I have owned both. I love the 45ACP, but I do have small hands for a man. That being said I would highly recommend the G37 in Gen 4, because it has the dual recoil spring set up of all Gen 4's. You should find the recoil less with the G37.
As for ammo availability, check out Georgia Arms. I recently bought 500 rounds for $185.00 plus shipping. Turns out that is was considerably less than 45ACP.
I have 4 guns in 45 GAP, I love the caliber. The grip frame is perfect for my smaller hands. They are extremely accurate, and the recoil is quite mild for 45.

As always, stay safe.


----------



## Steve M1911A1 (Feb 6, 2008)

...But you may discover that .45 GAP cartridges are hard to find, while .45 ACP cartridges are always available in every gun shop.


----------



## MrGlock45 (Dec 15, 2012)

Steve M1911A1 said:


> ...But you may discover that .45 GAP cartridges are hard to find, while .45 ACP cartridges are always available in every gun shop.


I agree Steve, 45 ACP is much more available, however, if you ask your LGS to stock it for you they will. As I said earlier, online availability makes it much more affordable.
YMMV but this works for me quite well.

By the way, I own 2 G30SF's, so I'm in no way bashing the venerable old Colt cartridge.


----------



## Glock Doctor (Mar 14, 2011)

I have a slightly different opinion.

I grew up with 45 ACP pistols in my hands (Colt 1911's). I was in my mid-thirties before I fired my first 9 x 19mm pistol. I'm presently 70 years old; and the owner of a pair of identical, custom-built, 3rd generation, Glock Model G-21's. I'm, also, a big man; and I have no trouble, whatsoever, concealing a full-size G-21 frame on my person all day long (Sometimes for up to 12 or 14 hours).

My personal opinion is that the, 'size thing' with standard frame G-21's is largely an internet myth. By standard, pistol fit, sizing dimensions a standard 21 frame is a good 1/8" too large for my (not so huge) hands. (Yes, 'hands', I'm ambidextrous.) The thing is that the large size of a standard 21 frame has never worked against allowing me to do (truthfully) the very best pistol shooting of my life! (One afternoon I, even, took a standing ovation from a large group of police officers as I walked off the line.)

The stretch in my trigger finger only occurs on THE FIRST SHOT as I bring the trigger back from its full forward position. Thereafter, and if I'm firing consistently in sets, I always pull the trigger from its reset position until my sights come off the target(s). I have tendonitis in my well overused hands. The wide backstraps on my G-21's actually give me considerably greater control over the muzzle, and makes a 21 much easier for me to hang onto over an extended course of fire (150 rounds +).

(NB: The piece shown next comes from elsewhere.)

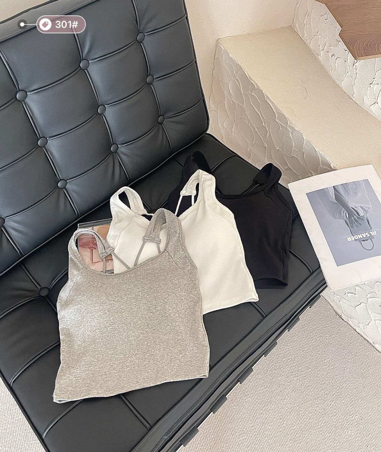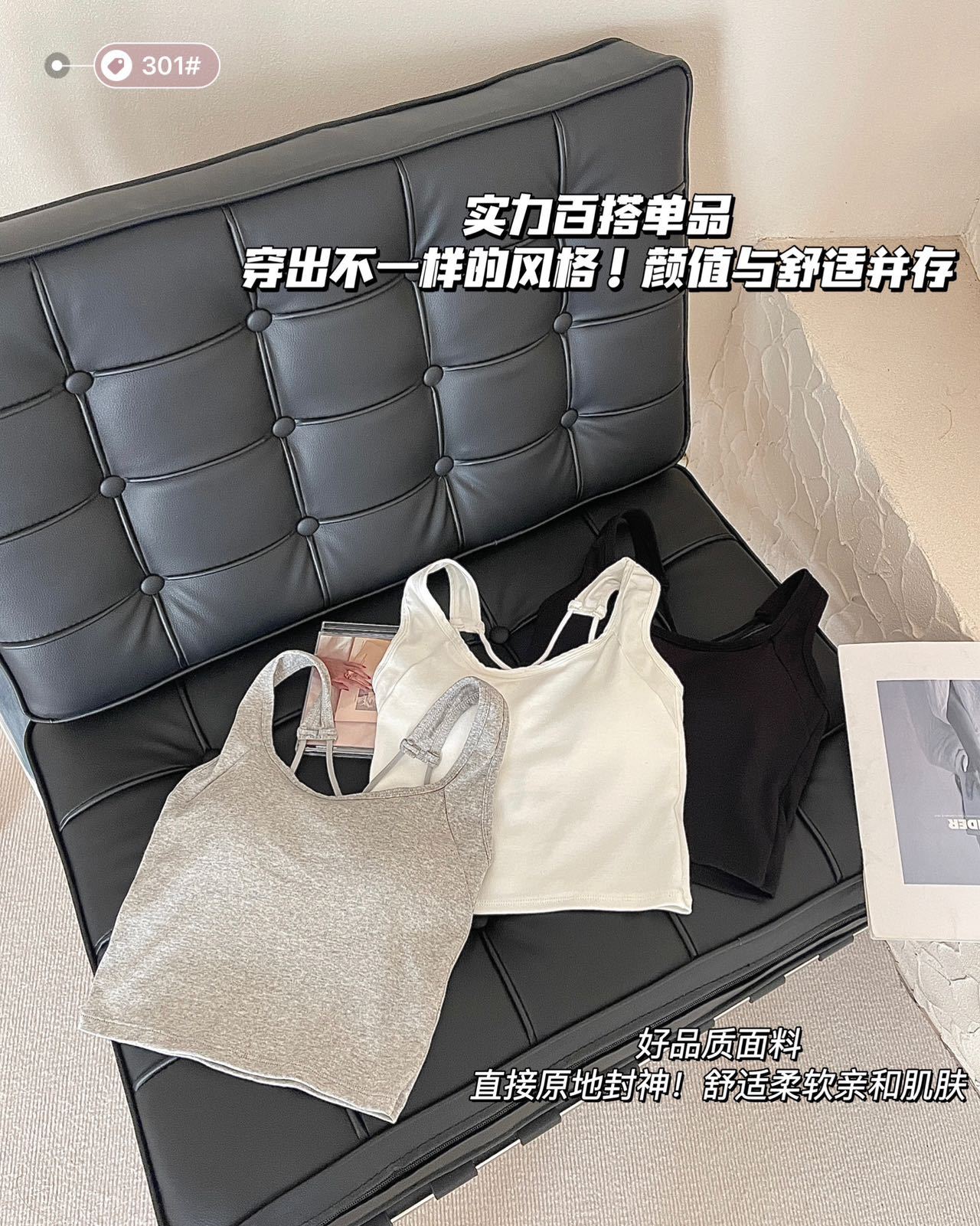 夏季纯棉吊带背心女内搭带胸垫一体性感美背后背交叉肩带运动内衣

Under no circumstances would I ever choose a 4th generation Glock over a 3rd generation pistol. (I'll, literally, shoot my 3rd generation Glocks to the grave!) My G-21's are very well set up with NP3 coated, Wolff Gunsprings' non-captured, solid steel guide rods; and, with all the work I do on Glocks I have never found a better recoil guide rod. (I've got plenty of spare rods around here, too!)

You know, after the first 50 rounds, when you really start to, 'get going', every fraction of a second you can shave off of, 'muzzle air time' is going to help you to hit the target more accurately while you're firing at speed; and Wolff rods, definitely, help me to do this. Not only are they very slippery; but these rods are, also, a little thicker than many other steel rods. This nice tight fit between the rod and spring assists the recoil spring in traveling very smoothly back and forth.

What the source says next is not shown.